## TASK REQUIREMENTS
Would you transcribe the listing that follows word for word, skipping pictures?

## INFORMATION SHOWN
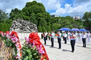 紀念沙基慘案100周年活動6月23日在廣州舉行,現場全體人員向革命先烈鞠躬默哀,向沙基慘案烈士致以崇高敬意。隨後,全體人員依次獻花,寄托哀思。
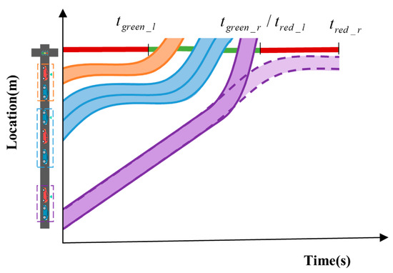 In addition to velocity and acceleration, the preceding vehicle’s behavior including queuing and normal operation is also considered. In this paper, the behavior of the preceding vehicle at an intersection is regarded as a constraint to the following min-ECU. Referring to the method of [27], a static path constraint (i.e., the constraint of a red period) is given when the preceding vehicle is queuing. As is shown in Figure 3, a CAV and its following RVs could not negotiate an intersection until the queue releases when the preceding vehicle is queuing, thus the behavior of a CAV is constrained by the process of the downstream vehicle’s queuing. Essentially, the static path constraint represents the impact of the red period in the signalized intersection on the CAV, which is defined as:
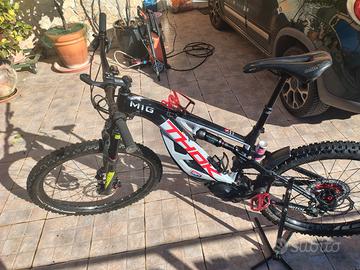 E-bike Thok Mig taglia L del 2023. Motore EP8, batteria 630w sostituita in garanzia a gennaio 2025, montata mullet 29'/27,5', cambio Sram 12v con cassetta 10/51, freni Magura trail, km 3850. € 1700 Predisposizione cablata per extender.

## RESPONSE AREA
 紀念沙基慘案100周年活動6月23日在廣州舉行,現場全體人員向革命先烈鞠躬默哀,向沙基慘案烈士致以崇高敬意。隨後,全體人員依次獻花,寄托哀思。
 In addition to velocity and acceleration, the preceding vehicle’s behavior including queuing and normal operation is also considered. In this paper, the behavior of the preceding vehicle at an intersection is regarded as a constraint to the following min-ECU. Referring to the method of [27], a static path constraint (i.e., the constraint of a red period) is given when the preceding vehicle is queuing. As is shown in Figure 3, a CAV and its following RVs could not negotiate an intersection until the queue releases when the preceding vehicle is queuing, thus the behavior of a CAV is constrained by the process of the downstream vehicle’s queuing. Essentially, the static path constraint represents the impact of the red period in the signalized intersection on the CAV, which is defined as:
 E-bike Thok Mig taglia L del 2023. Motore EP8, batteria 630w sostituita in garanzia a gennaio 2025, montata mullet 29'/27,5', cambio Sram 12v con cassetta 10/51, freni Magura trail, km 3850. € 1700 Predisposizione cablata per extender.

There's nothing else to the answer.